Even Elton John had performed in this place, Captain Fantastic himself, a concert broadcast to the whole world.
The Theater of Ephesus had seen all this in the two thousand years of its history, and now it was going to see something new.
“Gunaydin!” she called, Turkish for “good morning.” “Can you hear me?”
The theater’s superb acoustics echoed her own words back to her. She had more or less worked out she wouldn’t be needing the lapel mic she had pinned to her T-shirt, and she didn’t turn on the battery pack clipped to her waist.
“On behalf of Universal Exports, Limited,” she said, “I would like to thank you for your help in assisting our salesman, Mr. Bond, escape from his troubles in Antalya. And I know you will join with me in sending condolences to the family of Semiramis Orga.”
She signaled to Mehmet, and he translated the words into Turkish. Of the six or seven hundred gamers present, most were Turks, and most of these were new to alternate reality games.
They were picking up the basics pretty quickly, though.

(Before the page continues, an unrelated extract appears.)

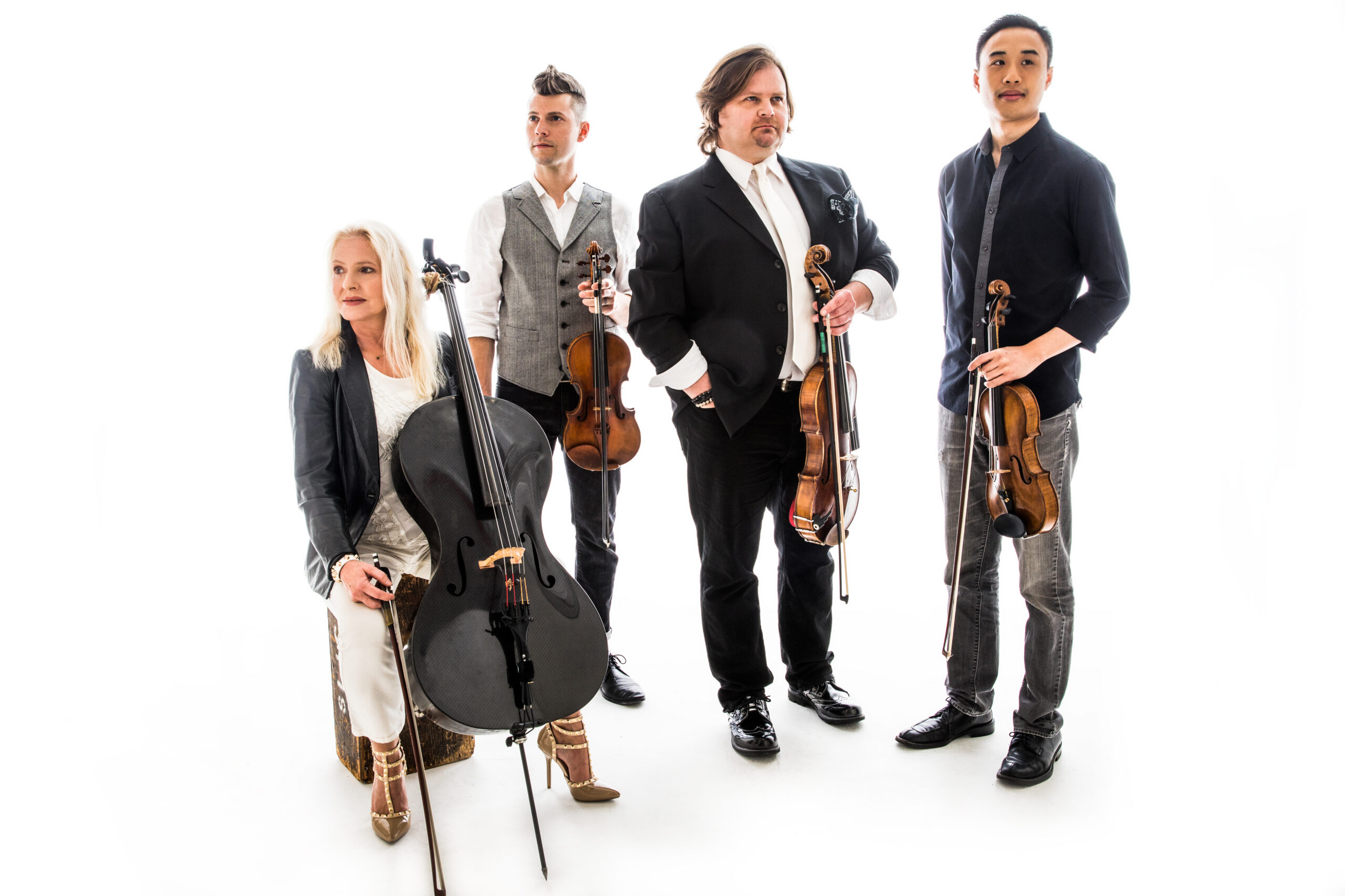 Composer performers—Ralph Farris (viola), Kip Jones (violin), Dorothy Lawson (cello), and Corin Lee (violin)—have themselves been commissioned by the Brooklyn Academy of Music, Georgia Tech, and the NEA. The quartet regularly performs music by such celebrated composers as Julia Wolfe, Jerod Impichchaachaaha’ Tate, Marcelo Zarvos, and Leilehua Lanzilotti. It has worked with a kaleidoscopic array of legendary stars as well as emerging talents in virtually every genre, including Bang on a Can All-Stars, Vijay Iyer, David Byrne, Sō Percussion, Todd Rundgren, jazz legend Kurt Elling, Joe Jackson, Ron Carter, Stewart Copeland, Raven Chacon, Thomas Dolby, John King, Ursula Oppens, Laurence Hobgood, Jake Shimabukuro, STEW, and Lionheart. In creating its stage productions, the quartet has partnered with theater directors Annie Dorsen, Steve Cosson, Daniel Flannery, and Grant McDonald; projection designers Deborah Johnson and John Narun; and choreographers Wally Cardona, Gina Gibney, Annie-B Parson, Dusan Tynek, and Mathew Janczewski.

“Unfortunately,” Dagmar continued, “we are still unable to locate Mr. Bond. We believe that he may be in this area, and one among you discovered what seems to be a crossword puzzle partly filled out in his hand. I have provided copies for each of you, and you’re each welcome to take one. The puzzle is called ‘Ephesus,’ and the answers seem to mostly involve this area. Perhaps the answers may help you determine Mr. Bond’s location.”
While Mehmet translated this, Dagmar returned to her seat and a large wheeled cooler, which she pulled out along the front of the proscenium. She opened the cooler to reveal stacks of printed crossword puzzles. The clues were written in both Turkish and English, and the answers, most of which had to do with Ephesian history and with inscriptions on the monuments, would be the same in any language.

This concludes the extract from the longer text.